Aim of the task –
Reproduction of part of the material below, pictures omitted: copy exactly, and only, the lines starting with the one with "Bordo renkli, kürklü" and going on through the one with "El de Cervera".
##### Information #####
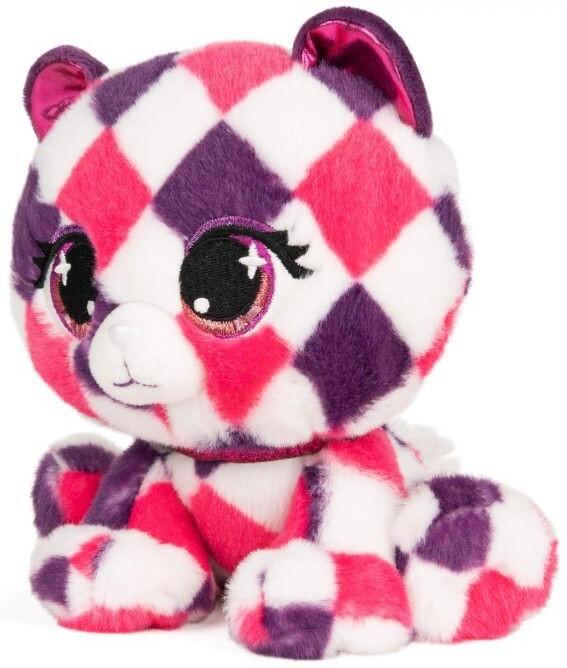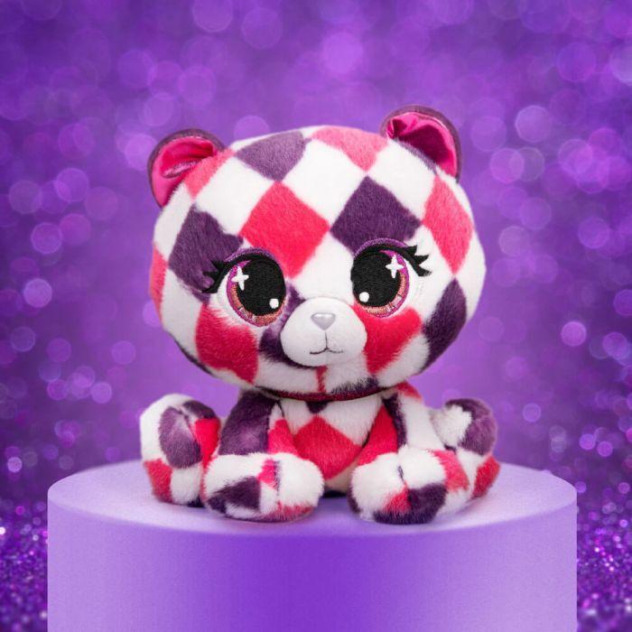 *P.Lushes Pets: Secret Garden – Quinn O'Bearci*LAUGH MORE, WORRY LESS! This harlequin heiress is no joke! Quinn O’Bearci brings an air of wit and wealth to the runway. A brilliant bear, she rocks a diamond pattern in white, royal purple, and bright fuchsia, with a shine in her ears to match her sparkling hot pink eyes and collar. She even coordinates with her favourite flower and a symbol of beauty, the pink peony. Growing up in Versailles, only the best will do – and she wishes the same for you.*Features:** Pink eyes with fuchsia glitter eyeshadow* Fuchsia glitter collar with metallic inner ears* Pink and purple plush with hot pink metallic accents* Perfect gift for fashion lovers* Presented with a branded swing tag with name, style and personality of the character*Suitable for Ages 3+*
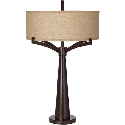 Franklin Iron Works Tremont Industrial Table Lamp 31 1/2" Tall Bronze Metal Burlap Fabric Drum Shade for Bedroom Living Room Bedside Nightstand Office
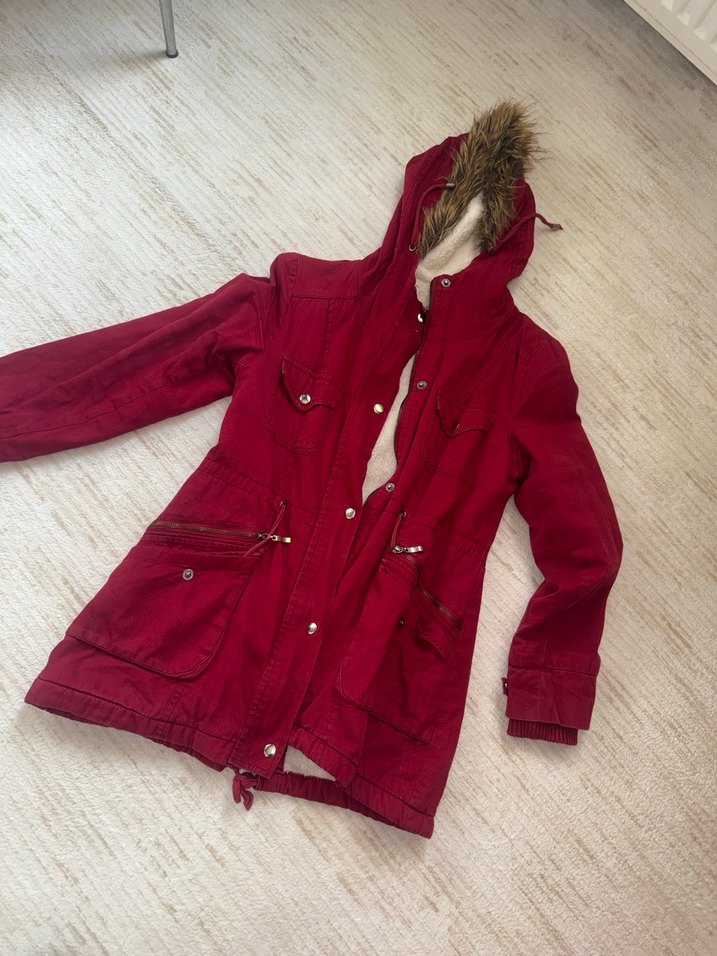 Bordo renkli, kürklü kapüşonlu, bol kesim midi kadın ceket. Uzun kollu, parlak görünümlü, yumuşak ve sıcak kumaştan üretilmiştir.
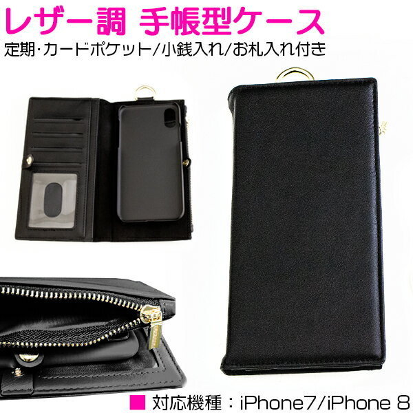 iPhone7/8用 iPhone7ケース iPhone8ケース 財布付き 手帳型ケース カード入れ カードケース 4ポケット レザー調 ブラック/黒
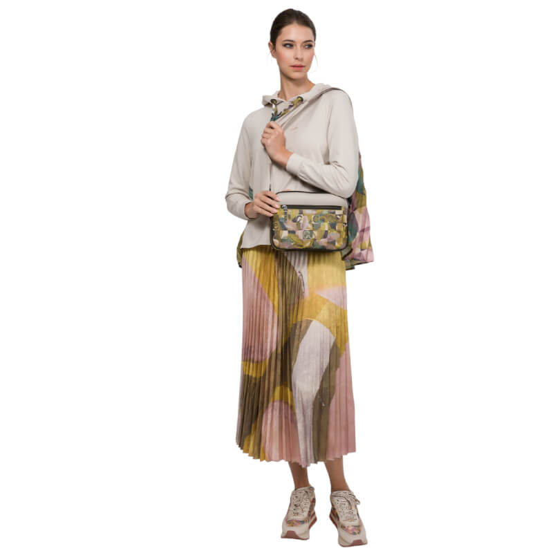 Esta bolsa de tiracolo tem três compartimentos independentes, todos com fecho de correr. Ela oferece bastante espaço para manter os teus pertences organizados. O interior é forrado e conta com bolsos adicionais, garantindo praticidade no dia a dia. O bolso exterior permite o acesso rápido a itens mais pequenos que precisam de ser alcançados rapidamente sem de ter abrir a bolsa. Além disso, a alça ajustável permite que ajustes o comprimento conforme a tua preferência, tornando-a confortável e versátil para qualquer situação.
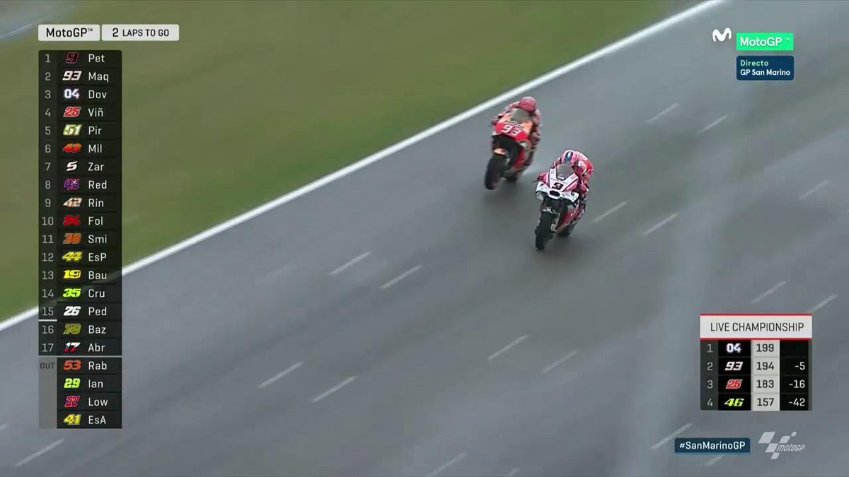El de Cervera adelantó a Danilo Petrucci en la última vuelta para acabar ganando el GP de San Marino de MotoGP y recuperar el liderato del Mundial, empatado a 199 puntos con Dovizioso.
#####
##### Information #####
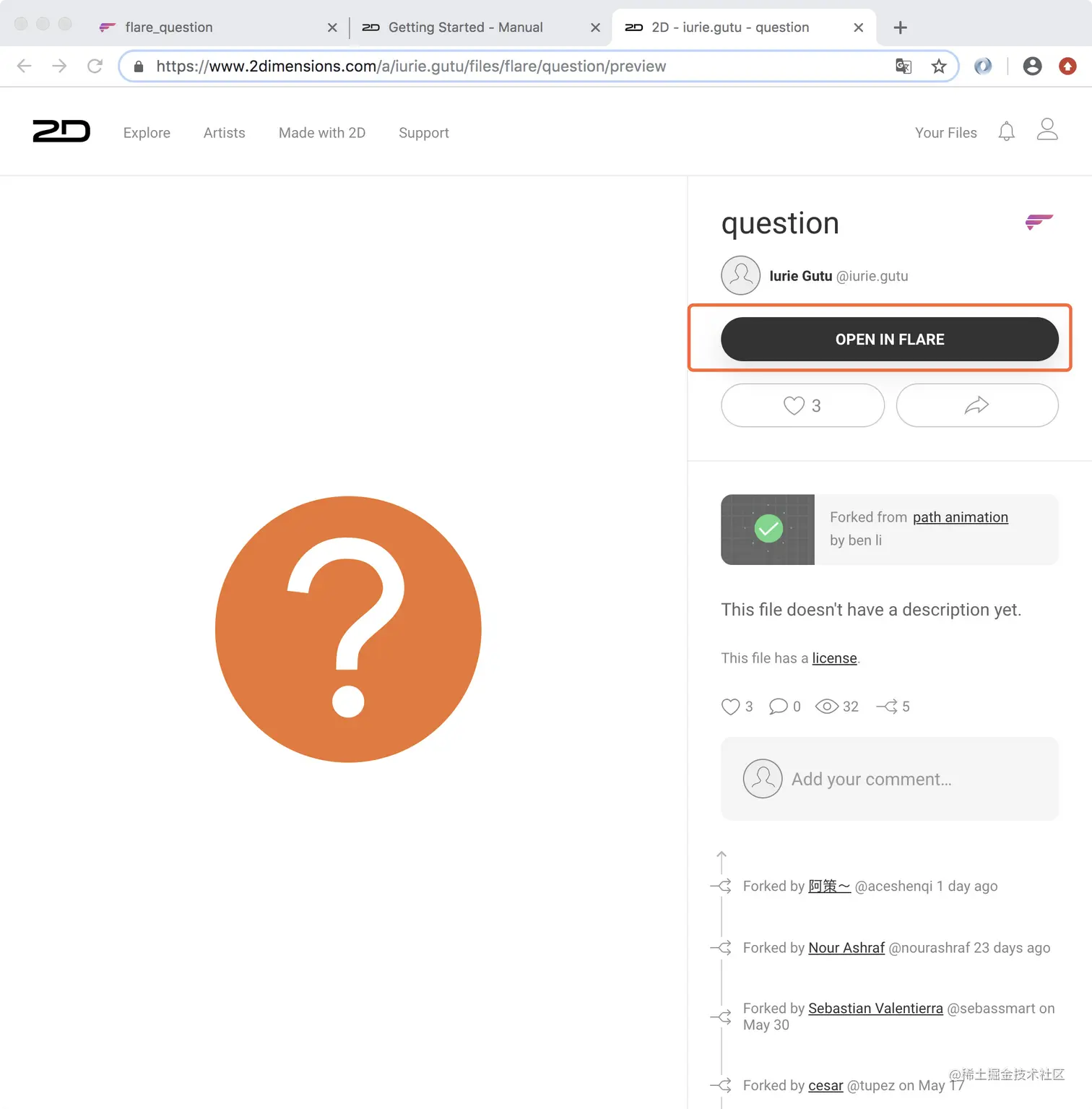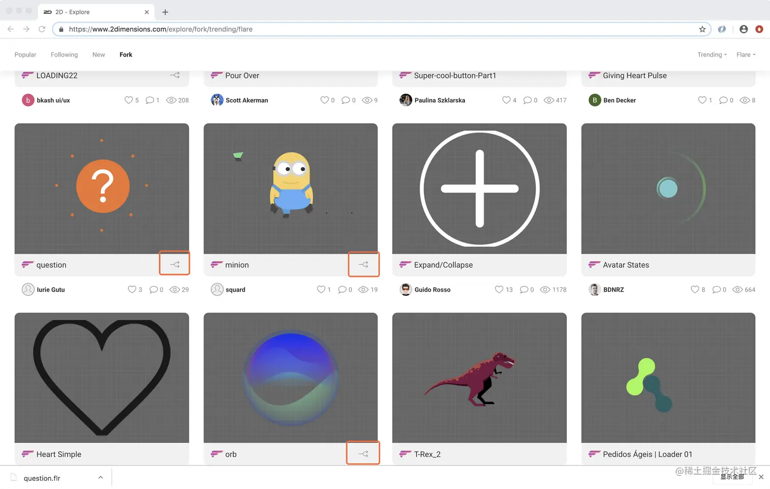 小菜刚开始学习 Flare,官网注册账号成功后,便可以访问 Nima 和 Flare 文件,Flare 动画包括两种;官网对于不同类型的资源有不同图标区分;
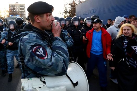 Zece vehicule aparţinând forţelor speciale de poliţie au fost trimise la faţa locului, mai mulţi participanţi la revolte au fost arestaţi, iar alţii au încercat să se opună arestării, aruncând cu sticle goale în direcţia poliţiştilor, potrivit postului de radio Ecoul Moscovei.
#####
Solution for this exercise –
 Bordo renkli, kürklü kapüşonlu, bol kesim midi kadın ceket. Uzun kollu, parlak görünümlü, yumuşak ve sıcak kumaştan üretilmiştir.
 iPhone7/8用 iPhone7ケース iPhone8ケース 財布付き 手帳型ケース カード入れ カードケース 4ポケット レザー調 ブラック/黒
 Esta bolsa de tiracolo tem três compartimentos independentes, todos com fecho de correr. Ela oferece bastante espaço para manter os teus pertences organizados. O interior é forrado e conta com bolsos adicionais, garantindo praticidade no dia a dia. O bolso exterior permite o acesso rápido a itens mais pequenos que precisam de ser alcançados rapidamente sem de ter abrir a bolsa. Além disso, a alça ajustável permite que ajustes o comprimento conforme a tua preferência, tornando-a confortável e versátil para qualquer situação.
El de Cervera adelantó a Danilo Petrucci en la última vuelta para acabar ganando el GP de San Marino de MotoGP y recuperar el liderato del Mundial, empatado a 199 puntos con Dovizioso.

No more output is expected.